▶ _GOAL OF THE EXERCISE_
Pictures appear among the records below and must be omitted. Repeat exactly the lines from the line with "Coding Index(编程能力)榜,谷歌 Gemini" to the line with "とりあえず、おそるおそるホテ", both included.

+++ RECORDS TO USE +++

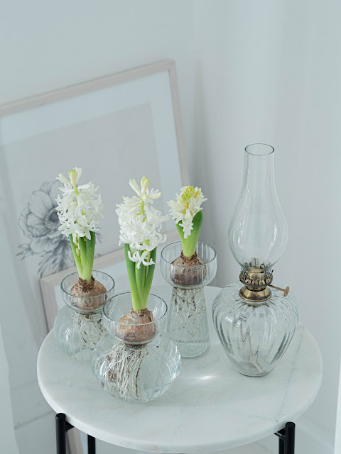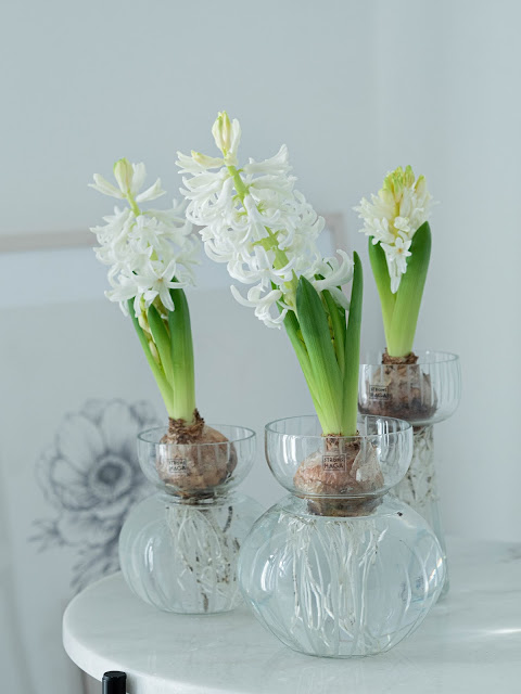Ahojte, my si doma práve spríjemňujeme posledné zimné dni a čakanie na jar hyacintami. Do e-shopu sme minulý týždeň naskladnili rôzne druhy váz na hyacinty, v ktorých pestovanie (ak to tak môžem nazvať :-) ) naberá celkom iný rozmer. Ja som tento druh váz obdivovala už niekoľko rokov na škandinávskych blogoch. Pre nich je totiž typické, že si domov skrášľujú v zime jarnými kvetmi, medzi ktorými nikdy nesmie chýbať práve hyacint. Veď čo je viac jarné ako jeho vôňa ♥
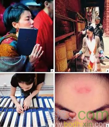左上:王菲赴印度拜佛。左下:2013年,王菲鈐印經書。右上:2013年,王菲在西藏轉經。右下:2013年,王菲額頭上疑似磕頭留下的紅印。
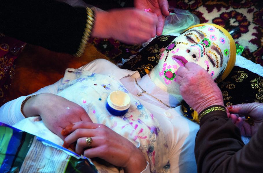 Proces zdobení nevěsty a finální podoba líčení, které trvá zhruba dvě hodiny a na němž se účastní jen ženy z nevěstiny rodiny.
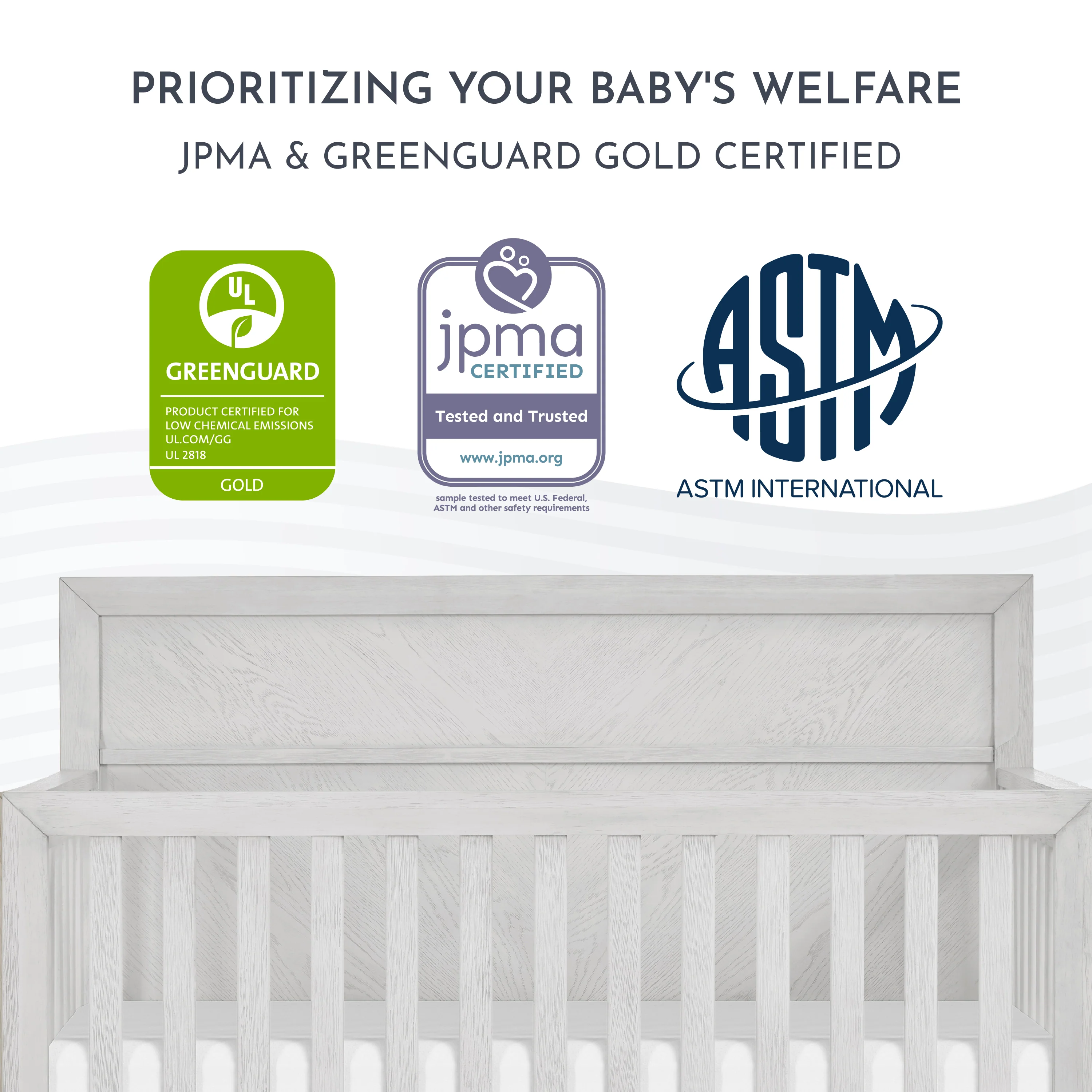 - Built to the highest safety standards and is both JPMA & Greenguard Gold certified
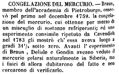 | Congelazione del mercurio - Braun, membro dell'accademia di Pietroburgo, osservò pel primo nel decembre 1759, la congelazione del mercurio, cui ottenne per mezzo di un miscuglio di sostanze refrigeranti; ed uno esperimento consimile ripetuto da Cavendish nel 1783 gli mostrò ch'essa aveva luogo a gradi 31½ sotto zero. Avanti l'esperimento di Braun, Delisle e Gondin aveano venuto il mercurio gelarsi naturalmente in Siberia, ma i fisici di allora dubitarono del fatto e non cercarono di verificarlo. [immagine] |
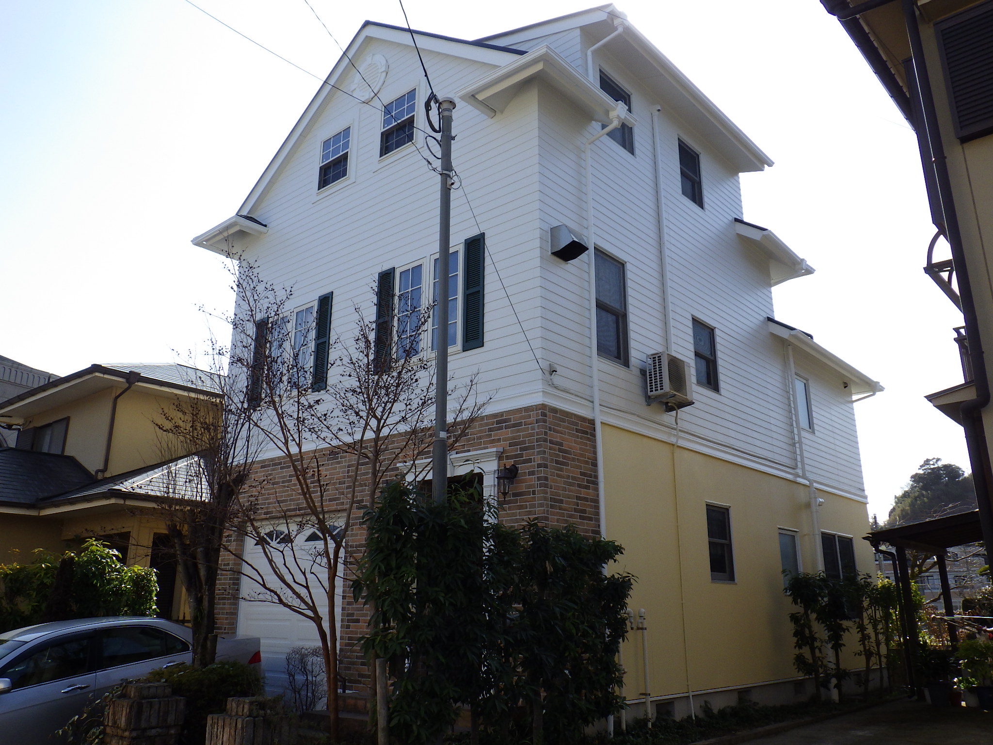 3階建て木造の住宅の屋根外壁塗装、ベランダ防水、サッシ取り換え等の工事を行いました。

+++
+++ RECORDS TO USE +++

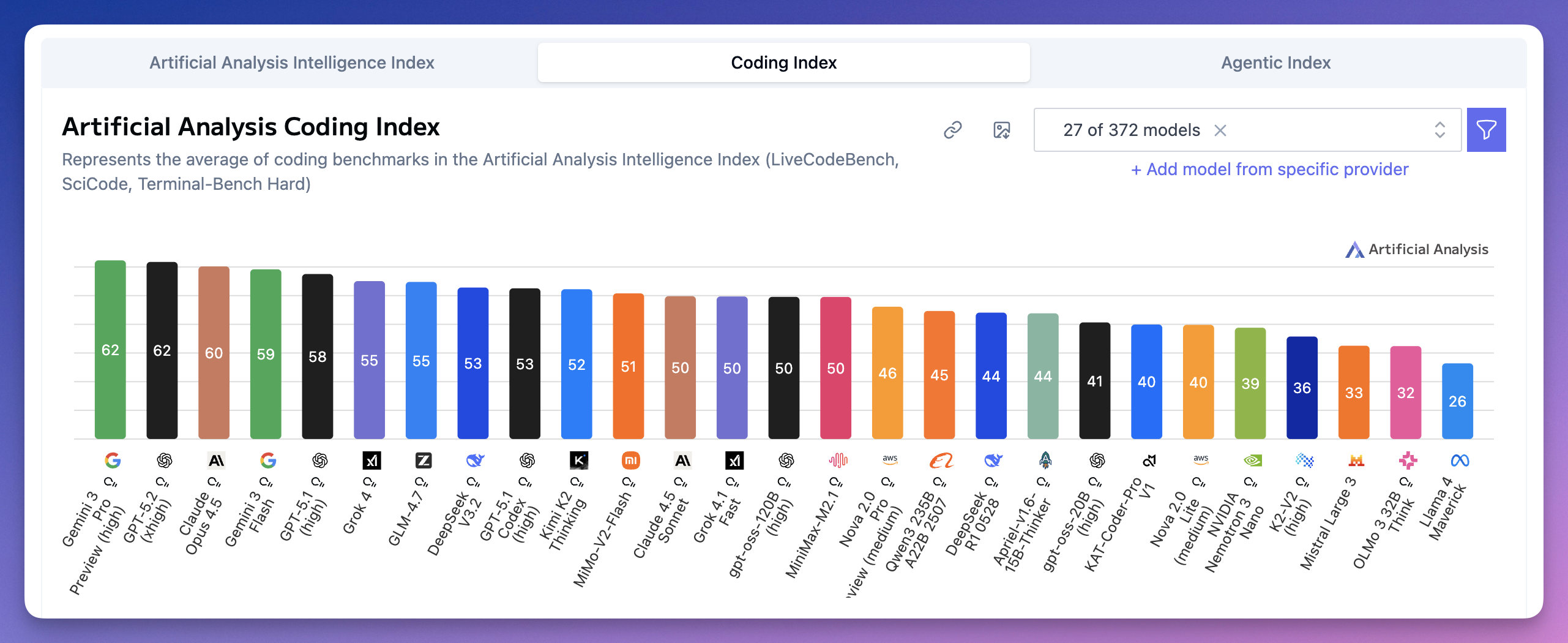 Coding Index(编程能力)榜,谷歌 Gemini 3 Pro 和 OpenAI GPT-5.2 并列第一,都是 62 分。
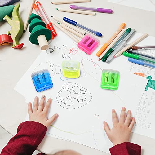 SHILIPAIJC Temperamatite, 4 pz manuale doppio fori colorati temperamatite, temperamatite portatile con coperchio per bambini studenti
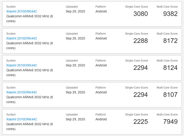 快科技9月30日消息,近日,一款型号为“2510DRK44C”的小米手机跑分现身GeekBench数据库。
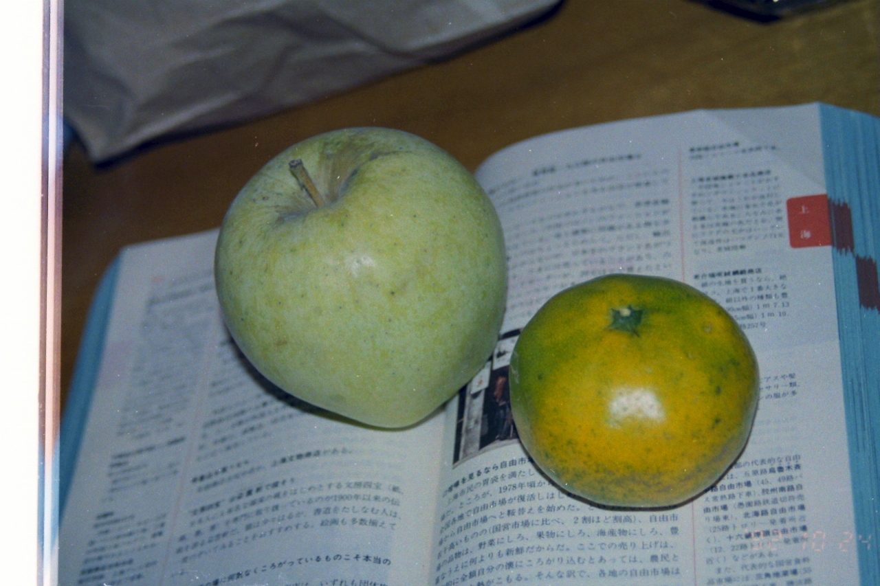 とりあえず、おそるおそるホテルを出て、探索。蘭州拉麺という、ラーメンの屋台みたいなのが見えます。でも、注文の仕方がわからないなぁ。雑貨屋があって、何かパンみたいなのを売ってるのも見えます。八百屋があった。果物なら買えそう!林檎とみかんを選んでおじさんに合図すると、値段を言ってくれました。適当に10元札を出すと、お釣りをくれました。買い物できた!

+++

▶ _REPLY TO THE TASK_
 Coding Index(编程能力)榜,谷歌 Gemini 3 Pro 和 OpenAI GPT-5.2 并列第一,都是 62 分。
 SHILIPAIJC Temperamatite, 4 pz manuale doppio fori colorati temperamatite, temperamatite portatile con coperchio per bambini studenti
 快科技9月30日消息,近日,一款型号为“2510DRK44C”的小米手机跑分现身GeekBench数据库。
 とりあえず、おそるおそるホテルを出て、探索。蘭州拉麺という、ラーメンの屋台みたいなのが見えます。でも、注文の仕方がわからないなぁ。雑貨屋があって、何かパンみたいなのを売ってるのも見えます。八百屋があった。果物なら買えそう!林檎とみかんを選んでおじさんに合図すると、値段を言ってくれました。適当に10元札を出すと、お釣りをくれました。買い物できた!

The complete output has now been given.